WHAT YOU HAVE TO DO =
Every picture should be left out, but the lines below must be repeated exactly.

GIVEN INFORMATION =
== == ==
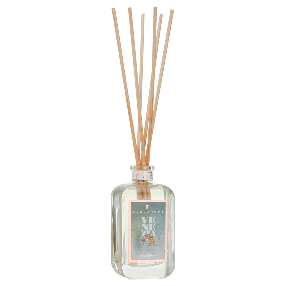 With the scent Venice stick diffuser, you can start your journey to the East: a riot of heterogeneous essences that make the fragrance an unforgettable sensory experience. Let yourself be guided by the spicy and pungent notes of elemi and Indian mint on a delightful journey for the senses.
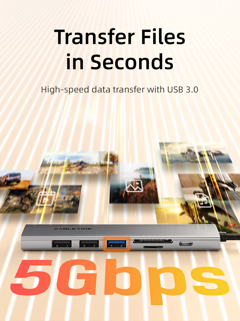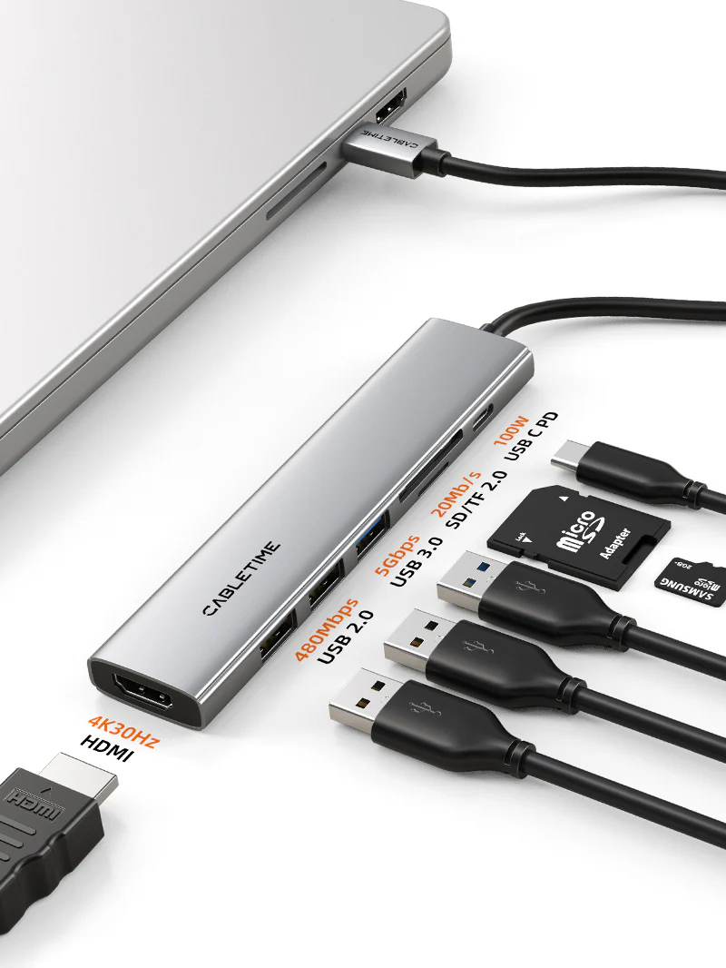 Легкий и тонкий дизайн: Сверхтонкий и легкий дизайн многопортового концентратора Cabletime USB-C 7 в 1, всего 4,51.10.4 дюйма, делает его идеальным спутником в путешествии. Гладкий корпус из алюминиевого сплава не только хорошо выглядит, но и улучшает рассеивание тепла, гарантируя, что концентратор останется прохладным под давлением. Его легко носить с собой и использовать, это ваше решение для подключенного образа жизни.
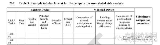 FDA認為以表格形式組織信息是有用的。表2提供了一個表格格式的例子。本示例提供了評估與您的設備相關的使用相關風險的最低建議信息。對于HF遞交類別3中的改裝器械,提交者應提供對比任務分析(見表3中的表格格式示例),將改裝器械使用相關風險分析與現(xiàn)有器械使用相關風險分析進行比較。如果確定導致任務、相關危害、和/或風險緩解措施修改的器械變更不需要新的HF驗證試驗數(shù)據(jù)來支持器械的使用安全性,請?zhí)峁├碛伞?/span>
== == ==
RESPONSE TO THE EXERCISE =
 With the scent Venice stick diffuser, you can start your journey to the East: a riot of heterogeneous essences that make the fragrance an unforgettable sensory experience. Let yourself be guided by the spicy and pungent notes of elemi and Indian mint on a delightful journey for the senses.
 Легкий и тонкий дизайн: Сверхтонкий и легкий дизайн многопортового концентратора Cabletime USB-C 7 в 1, всего 4,51.10.4 дюйма, делает его идеальным спутником в путешествии. Гладкий корпус из алюминиевого сплава не только хорошо выглядит, но и улучшает рассеивание тепла, гарантируя, что концентратор останется прохладным под давлением. Его легко носить с собой и использовать, это ваше решение для подключенного образа жизни.
 FDA認為以表格形式組織信息是有用的。表2提供了一個表格格式的例子。本示例提供了評估與您的設備相關的使用相關風險的最低建議信息。對于HF遞交類別3中的改裝器械,提交者應提供對比任務分析(見表3中的表格格式示例),將改裝器械使用相關風險分析與現(xiàn)有器械使用相關風險分析進行比較。如果確定導致任務、相關危害、和/或風險緩解措施修改的器械變更不需要新的HF驗證試驗數(shù)據(jù)來支持器械的使用安全性,請?zhí)峁├碛伞?/span>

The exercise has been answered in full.